Trump’s pick for Homeland Security Chief, former Marine General John F. Kelly. (DoD News photo by EJ Hersom/Flickr)

President-elect Donald Trump’s pick for Homeland Security chief, John F. Kelly, has experts analyzing how the decision might affect Central America and determine the fate of refugees and migrants living in the United States.

The Department of Homeland Security (DHS) was created after the Sept. 11, 2001 attacks to coordinate the battle against terrorism. Now, it is perhaps equally known for its role in federal immigration policies. As head of the department, Kelly would be responsible for border management, enforcing immigration laws, counter-terrorism and national security, and reacting to cyber threats and natural disasters.

“He is the right person to spearhead the urgent mission of stopping illegal immigration and securing our borders,” Trump said of Kelly, recalling his “decades of military service and deep commitment to fighting the threat of terrorism.”
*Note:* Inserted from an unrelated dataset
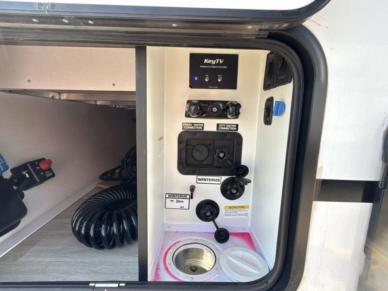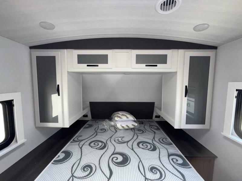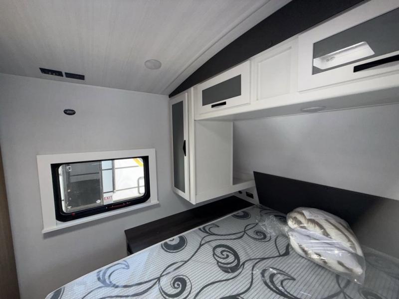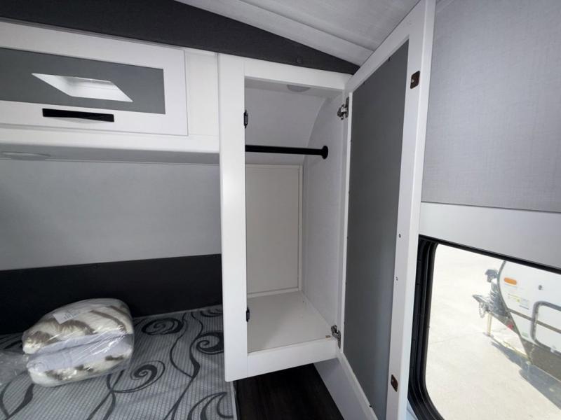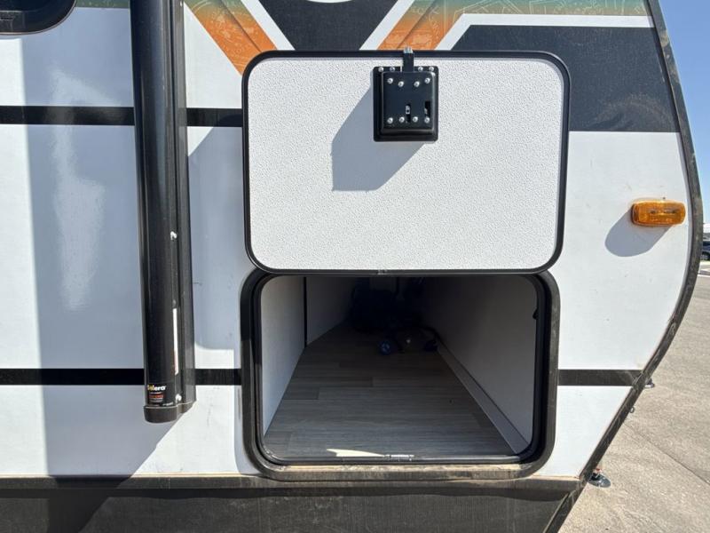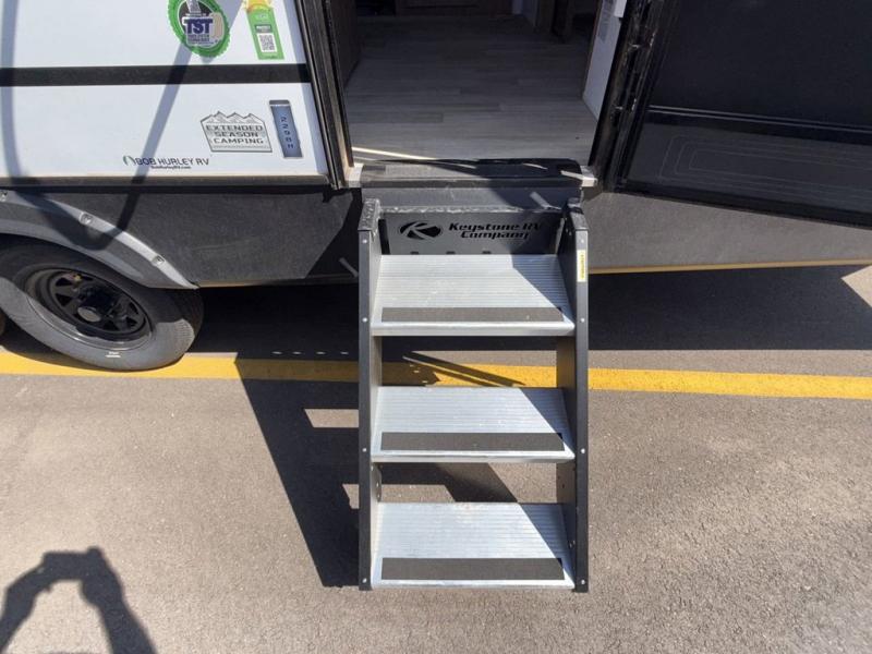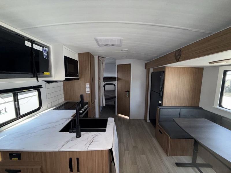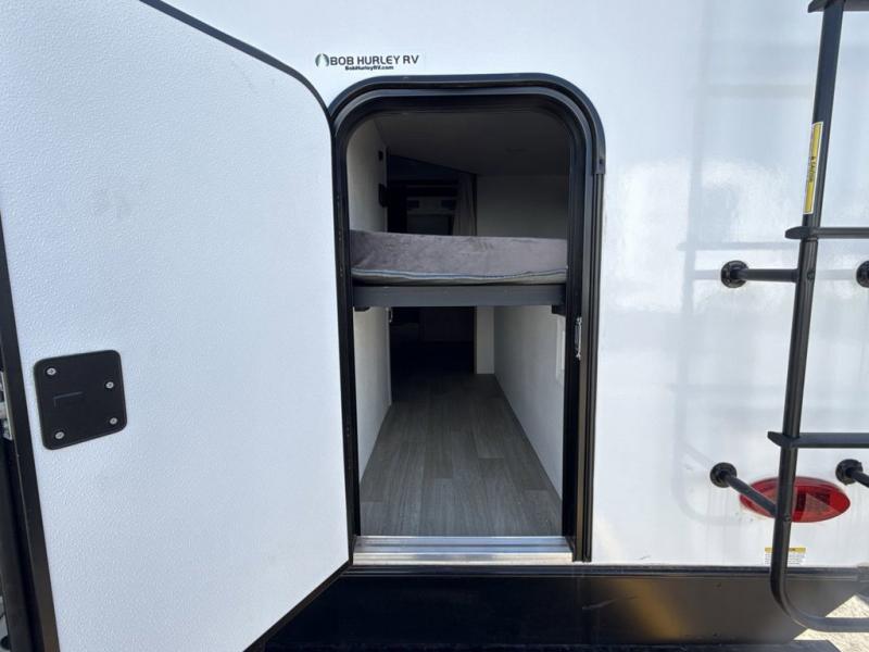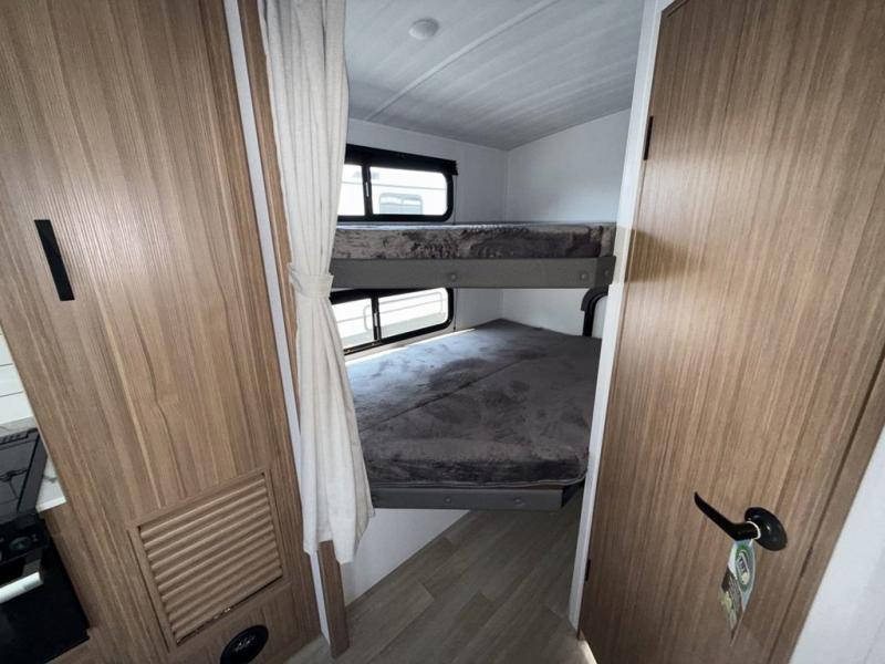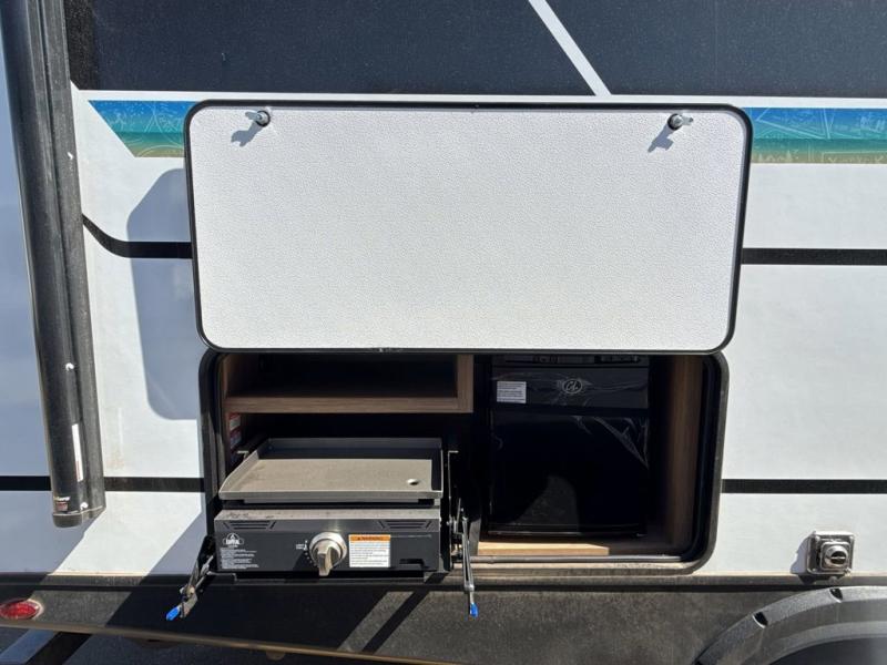 Trips to the lake with a larger group are made easy in this spacious travel trailer! The double-size bunks include a flip-up bunk for added storage, and there is a rear cargo door here so you can easily load gear from outside. The full bath is conveniently located right by the bunks for easy nighttime use, and the pantry is also close by if anyone needs a midnight snack! You will sleep like a baby in the front bedroom that includes a queen bed and dual wardrobes to keep your clothes tidy. In the morning, everyone can meet in the combined living area and kitchen while the chef makes breakfast on the three burner cooktop, and there is a U-shaped do-more dinette table to dine at. If the weather is nice, the chef just may want to cook on the outside kitchen, and everyone can sit at the picnic table under the 15' awning!

Kelly, 66, is widely considered a Latin America expert after his last military post as head of the U.S. Southern Command (SOUTHCOM), which leads U.S. military operations in the region. In his new role, the retired Marine general will be expected to spearhead Trump’s border security plans, which – if his presidential campaign was any indication – would consist of a “big, beautiful wall” on the border with Mexico and deporting millions of unauthorized immigrants living in the U.S.

“Trump himself is going to set the tone of what Homeland Security should do, and what [Kelly’s] really doing is implementing it,” said Gregory Weeks, editor of the academic journal The Latin Americanist, in an interview with Humanosphere. “I think border enforcement and interior immigration enforcement is going to be his big focus.”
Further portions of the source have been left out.